Aim of the exercise => Write out the listing below character for character, though without its pictures.

Dataset content =>
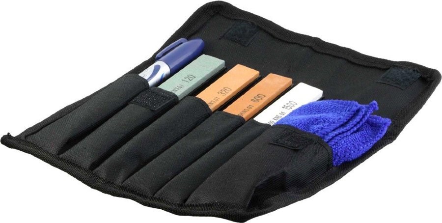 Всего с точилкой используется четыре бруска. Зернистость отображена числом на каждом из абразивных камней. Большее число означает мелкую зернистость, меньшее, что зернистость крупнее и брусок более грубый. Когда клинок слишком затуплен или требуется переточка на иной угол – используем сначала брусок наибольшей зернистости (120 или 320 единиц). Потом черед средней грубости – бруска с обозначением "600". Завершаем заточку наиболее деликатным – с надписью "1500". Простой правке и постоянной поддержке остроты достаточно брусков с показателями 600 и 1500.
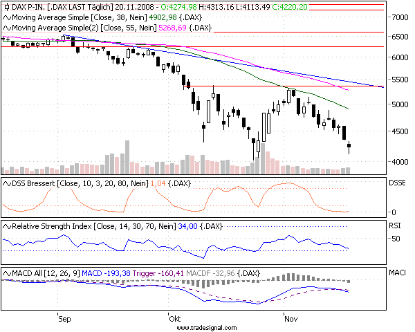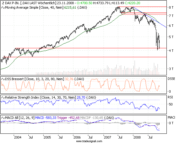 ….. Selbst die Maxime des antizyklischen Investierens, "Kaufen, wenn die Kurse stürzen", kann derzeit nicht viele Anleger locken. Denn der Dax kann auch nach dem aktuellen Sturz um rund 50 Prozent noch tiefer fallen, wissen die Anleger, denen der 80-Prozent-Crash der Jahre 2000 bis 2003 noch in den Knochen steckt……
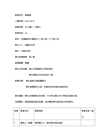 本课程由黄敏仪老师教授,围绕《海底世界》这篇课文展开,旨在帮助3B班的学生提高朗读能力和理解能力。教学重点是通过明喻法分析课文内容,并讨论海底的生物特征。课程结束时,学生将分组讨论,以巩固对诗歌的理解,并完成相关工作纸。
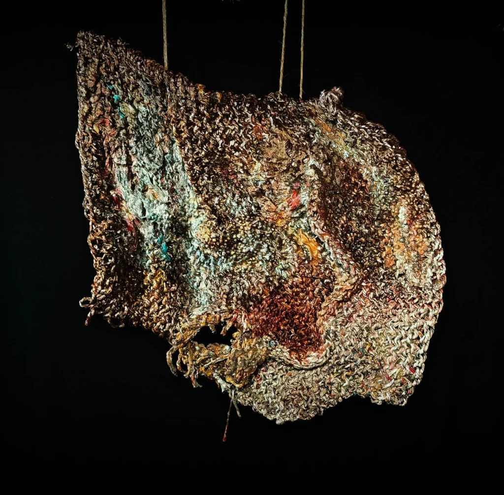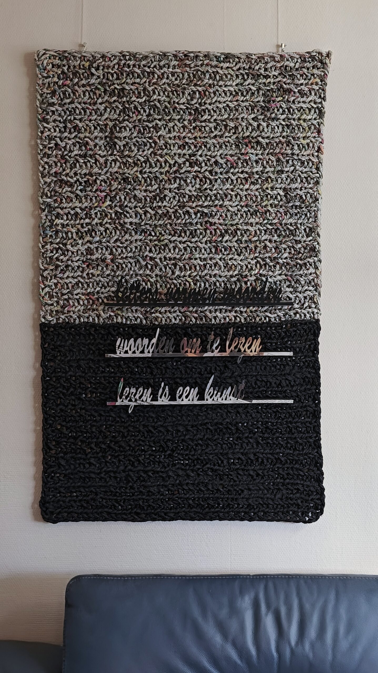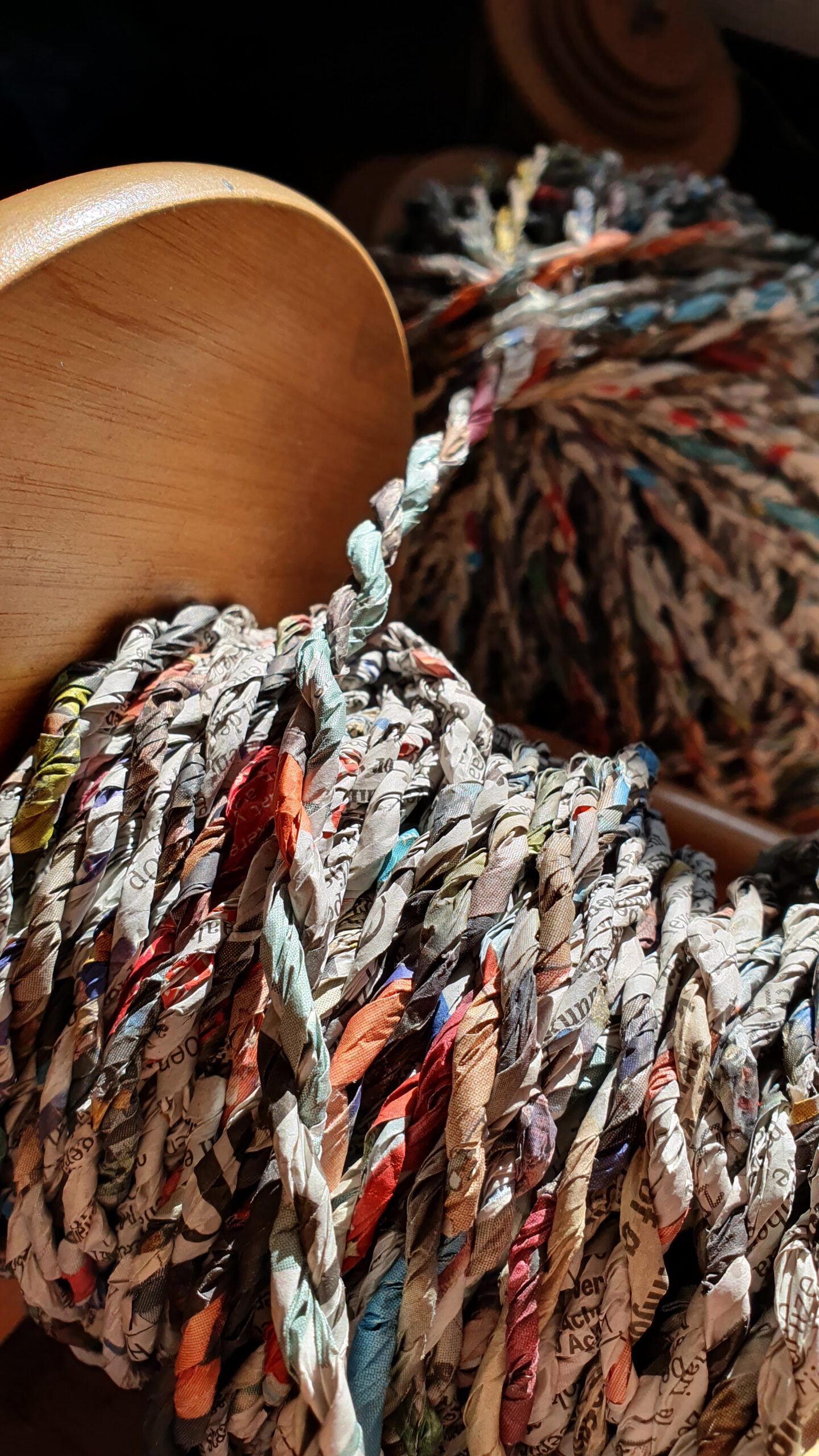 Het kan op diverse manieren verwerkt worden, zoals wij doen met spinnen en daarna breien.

Result =>
 Всего с точилкой используется четыре бруска. Зернистость отображена числом на каждом из абразивных камней. Большее число означает мелкую зернистость, меньшее, что зернистость крупнее и брусок более грубый. Когда клинок слишком затуплен или требуется переточка на иной угол – используем сначала брусок наибольшей зернистости (120 или 320 единиц). Потом черед средней грубости – бруска с обозначением "600". Завершаем заточку наиболее деликатным – с надписью "1500". Простой правке и постоянной поддержке остроты достаточно брусков с показателями 600 и 1500.
 ….. Selbst die Maxime des antizyklischen Investierens, "Kaufen, wenn die Kurse stürzen", kann derzeit nicht viele Anleger locken. Denn der Dax kann auch nach dem aktuellen Sturz um rund 50 Prozent noch tiefer fallen, wissen die Anleger, denen der 80-Prozent-Crash der Jahre 2000 bis 2003 noch in den Knochen steckt……
 本课程由黄敏仪老师教授,围绕《海底世界》这篇课文展开,旨在帮助3B班的学生提高朗读能力和理解能力。教学重点是通过明喻法分析课文内容,并讨论海底的生物特征。课程结束时,学生将分组讨论,以巩固对诗歌的理解,并完成相关工作纸。
 Het kan op diverse manieren verwerkt worden, zoals wij doen met spinnen en daarna breien.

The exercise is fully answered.